Task brief: Output exactly the lines below, starting with the line that has "Benna trancia insilato" and going on through the line that has "Crested Lark territories", both included, and no other lines.
---*---
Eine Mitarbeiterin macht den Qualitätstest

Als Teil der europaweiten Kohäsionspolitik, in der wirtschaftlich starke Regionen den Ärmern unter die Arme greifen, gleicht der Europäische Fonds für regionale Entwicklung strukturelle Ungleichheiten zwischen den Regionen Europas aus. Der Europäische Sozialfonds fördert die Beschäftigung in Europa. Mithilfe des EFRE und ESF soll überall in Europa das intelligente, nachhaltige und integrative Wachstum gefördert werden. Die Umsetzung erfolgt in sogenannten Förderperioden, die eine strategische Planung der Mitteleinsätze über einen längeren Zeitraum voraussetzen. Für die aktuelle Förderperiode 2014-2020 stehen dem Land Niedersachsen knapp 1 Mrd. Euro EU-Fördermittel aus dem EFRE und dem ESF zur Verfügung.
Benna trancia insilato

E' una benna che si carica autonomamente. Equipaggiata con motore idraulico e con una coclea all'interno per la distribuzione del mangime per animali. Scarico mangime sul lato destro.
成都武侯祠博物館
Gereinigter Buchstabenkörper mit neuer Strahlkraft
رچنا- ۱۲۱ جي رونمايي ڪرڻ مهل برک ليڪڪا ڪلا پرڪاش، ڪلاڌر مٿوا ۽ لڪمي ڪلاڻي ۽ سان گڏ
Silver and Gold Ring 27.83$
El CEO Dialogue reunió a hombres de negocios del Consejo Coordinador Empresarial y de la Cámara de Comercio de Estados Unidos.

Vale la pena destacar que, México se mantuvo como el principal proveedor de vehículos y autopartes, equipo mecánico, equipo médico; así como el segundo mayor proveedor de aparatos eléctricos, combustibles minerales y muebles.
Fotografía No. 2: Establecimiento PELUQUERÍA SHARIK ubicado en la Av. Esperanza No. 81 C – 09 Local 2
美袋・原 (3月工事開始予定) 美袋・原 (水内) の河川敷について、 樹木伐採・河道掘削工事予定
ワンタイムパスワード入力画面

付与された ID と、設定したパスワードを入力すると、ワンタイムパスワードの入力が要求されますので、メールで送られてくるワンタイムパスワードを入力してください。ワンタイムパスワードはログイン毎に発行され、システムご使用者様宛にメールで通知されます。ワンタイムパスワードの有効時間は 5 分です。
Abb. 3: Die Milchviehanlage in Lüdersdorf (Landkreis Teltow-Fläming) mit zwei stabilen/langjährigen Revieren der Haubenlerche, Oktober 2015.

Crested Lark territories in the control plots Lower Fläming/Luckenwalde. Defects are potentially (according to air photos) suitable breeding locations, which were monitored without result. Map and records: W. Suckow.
---*---
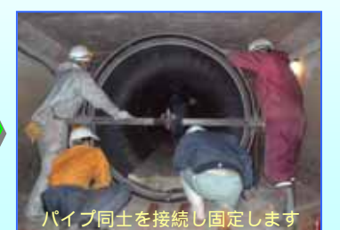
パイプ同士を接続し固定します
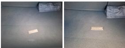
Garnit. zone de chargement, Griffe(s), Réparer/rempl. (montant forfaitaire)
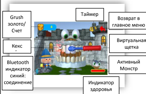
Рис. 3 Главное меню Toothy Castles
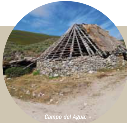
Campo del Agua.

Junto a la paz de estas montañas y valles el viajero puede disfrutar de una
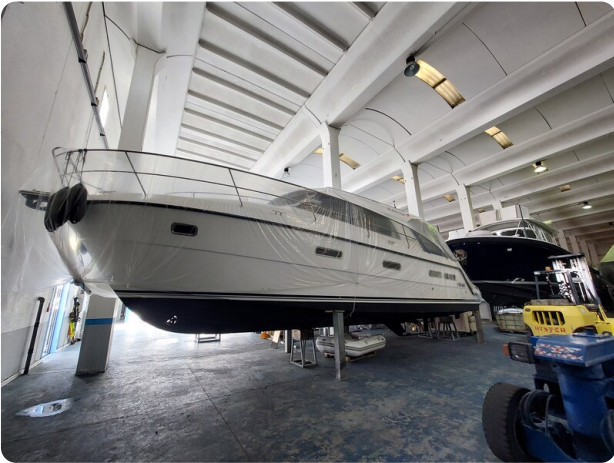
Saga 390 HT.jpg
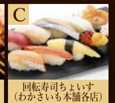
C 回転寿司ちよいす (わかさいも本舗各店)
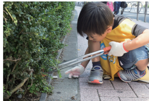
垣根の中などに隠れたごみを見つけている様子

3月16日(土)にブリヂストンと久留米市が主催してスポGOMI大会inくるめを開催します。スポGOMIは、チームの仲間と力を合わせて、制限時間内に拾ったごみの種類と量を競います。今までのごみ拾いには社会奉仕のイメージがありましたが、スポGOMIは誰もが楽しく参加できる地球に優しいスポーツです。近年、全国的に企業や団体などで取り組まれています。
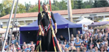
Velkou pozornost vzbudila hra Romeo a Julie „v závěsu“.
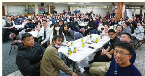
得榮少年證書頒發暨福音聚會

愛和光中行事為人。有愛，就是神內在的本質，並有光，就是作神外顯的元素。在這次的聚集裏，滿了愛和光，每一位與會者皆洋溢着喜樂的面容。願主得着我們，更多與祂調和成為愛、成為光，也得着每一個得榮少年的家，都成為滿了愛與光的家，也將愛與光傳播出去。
---*---
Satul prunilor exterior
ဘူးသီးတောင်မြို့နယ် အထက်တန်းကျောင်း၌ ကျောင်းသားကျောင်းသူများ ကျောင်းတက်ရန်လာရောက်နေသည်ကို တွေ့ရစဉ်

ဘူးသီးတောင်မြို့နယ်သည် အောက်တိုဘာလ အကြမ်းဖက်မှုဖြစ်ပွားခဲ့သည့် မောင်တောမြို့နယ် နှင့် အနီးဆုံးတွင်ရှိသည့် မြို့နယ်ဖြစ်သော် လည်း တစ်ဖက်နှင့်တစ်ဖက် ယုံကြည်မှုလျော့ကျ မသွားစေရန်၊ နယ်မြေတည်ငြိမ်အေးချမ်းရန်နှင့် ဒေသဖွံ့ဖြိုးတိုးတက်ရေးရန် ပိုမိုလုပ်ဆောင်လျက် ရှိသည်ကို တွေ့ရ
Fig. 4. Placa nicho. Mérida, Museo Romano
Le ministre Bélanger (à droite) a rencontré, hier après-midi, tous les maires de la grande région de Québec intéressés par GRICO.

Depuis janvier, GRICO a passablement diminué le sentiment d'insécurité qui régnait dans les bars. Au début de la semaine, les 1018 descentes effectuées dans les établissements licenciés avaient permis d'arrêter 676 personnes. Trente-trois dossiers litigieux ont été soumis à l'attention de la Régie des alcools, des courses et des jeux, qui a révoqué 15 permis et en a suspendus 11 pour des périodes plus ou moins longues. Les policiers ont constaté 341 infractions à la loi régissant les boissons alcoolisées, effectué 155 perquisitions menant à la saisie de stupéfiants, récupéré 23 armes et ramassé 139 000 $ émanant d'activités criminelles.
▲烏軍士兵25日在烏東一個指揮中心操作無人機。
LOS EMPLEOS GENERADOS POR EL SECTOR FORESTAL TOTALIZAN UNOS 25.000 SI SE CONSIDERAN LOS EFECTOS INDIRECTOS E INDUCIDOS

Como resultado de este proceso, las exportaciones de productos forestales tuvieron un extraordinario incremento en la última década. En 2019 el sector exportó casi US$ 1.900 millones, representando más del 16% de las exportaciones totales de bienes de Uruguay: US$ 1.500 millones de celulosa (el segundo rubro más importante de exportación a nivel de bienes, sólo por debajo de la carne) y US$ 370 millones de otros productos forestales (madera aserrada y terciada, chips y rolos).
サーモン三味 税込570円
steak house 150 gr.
---*---
Solution to this problem:
Benna trancia insilato

E' una benna che si carica autonomamente. Equipaggiata con motore idraulico e con una coclea all'interno per la distribuzione del mangime per animali. Scarico mangime sul lato destro.
成都武侯祠博物館
Gereinigter Buchstabenkörper mit neuer Strahlkraft
رچنا- ۱۲۱ جي رونمايي ڪرڻ مهل برک ليڪڪا ڪلا پرڪاش، ڪلاڌر مٿوا ۽ لڪمي ڪلاڻي ۽ سان گڏ
Silver and Gold Ring 27.83$
El CEO Dialogue reunió a hombres de negocios del Consejo Coordinador Empresarial y de la Cámara de Comercio de Estados Unidos.

Vale la pena destacar que, México se mantuvo como el principal proveedor de vehículos y autopartes, equipo mecánico, equipo médico; así como el segundo mayor proveedor de aparatos eléctricos, combustibles minerales y muebles.
Fotografía No. 2: Establecimiento PELUQUERÍA SHARIK ubicado en la Av. Esperanza No. 81 C – 09 Local 2
美袋・原 (3月工事開始予定) 美袋・原 (水内) の河川敷について、 樹木伐採・河道掘削工事予定
ワンタイムパスワード入力画面

付与された ID と、設定したパスワードを入力すると、ワンタイムパスワードの入力が要求されますので、メールで送られてくるワンタイムパスワードを入力してください。ワンタイムパスワードはログイン毎に発行され、システムご使用者様宛にメールで通知されます。ワンタイムパスワードの有効時間は 5 分です。
Abb. 3: Die Milchviehanlage in Lüdersdorf (Landkreis Teltow-Fläming) mit zwei stabilen/langjährigen Revieren der Haubenlerche, Oktober 2015.

Crested Lark territories in the control plots Lower Fläming/Luckenwalde. Defects are potentially (according to air photos) suitable breeding locations, which were monitored without result. Map and records: W. Suckow.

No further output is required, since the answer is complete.